Unfortunately, the creation and production of new vaccines happens to be both expensive and time-consuming. So, an attempt at developing a vaccine protecting from all strains is highly unrealistic. It is much more conceivable to target a small number of additional strains first, with the other two high-risk strains (HPV 31 and 45) being the priority.

It is in my opinion that a quadrivalent vaccine protecting from all four high-risk HPVs should be the next step in treatment and protection of HPV infections. HPV is known to cause warts, which have been studied and determined to contain virus particles and to be contagious.
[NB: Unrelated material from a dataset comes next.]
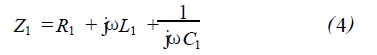 圖4中,閱讀器的發(fā)送器出口產(chǎn)生高頻電壓u2,接收器直接與天線(xiàn)線(xiàn)圈L1連接。串聯(lián)諧振電路的總阻抗Z1為各項(xiàng)單阻抗之和,即:
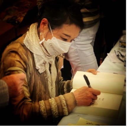 三时四十分左右,严歌苓与劳伦斯·沃克,领着他们的小狗嘟嘟,在义工陪同下进入展厅,马上被提前到场,争先恐后地购买新书的书迷们围住。严歌苓坐下, 席不暇暖,便开始为读者们签书留念,周围排队的书迷们纷纷举起手机拍照。为争取时间尽量满足读者,四点钟演讲开始前和演讲后,严歌苓一直握笔在奋力地签书。

Since HPV is a sexually transmitted disease, this vaccine would be ideally administered in the years before when a patient may become sexually active, such as during early puberty. This is so the immune system has adequate time to develop immunity before the transmission would occur. Additionally, since vaccines are known to lose their effectiveness over time, this gives the patient the most protection when they are most likely to come in contact with the virus.

In previous years, the current HPV vaccine was primarily suggested only to female patients due to the initially noted correlation of HPV and cervical cancer. However, due to the more recent evidence that HPV causes additional forms of cancer, male patients should also receive the vaccine to prevent cases of HPV-related cancers which may affect both genders, as well as to limit the overall transmission of infections.

By treating all patients, regardless of gender, with a vaccine designed to protect against the fours strains of HPV which have been proven to have a high risk of causing cancer, hypothetically we can prevent the most cases of HPV-related cancer in the most cost and time efficient manner.

 

References:

Sarid, R. and Gao, S. 2011. Viruses and human cancer: From detection to causality. Cancer Lett305(2):218-27.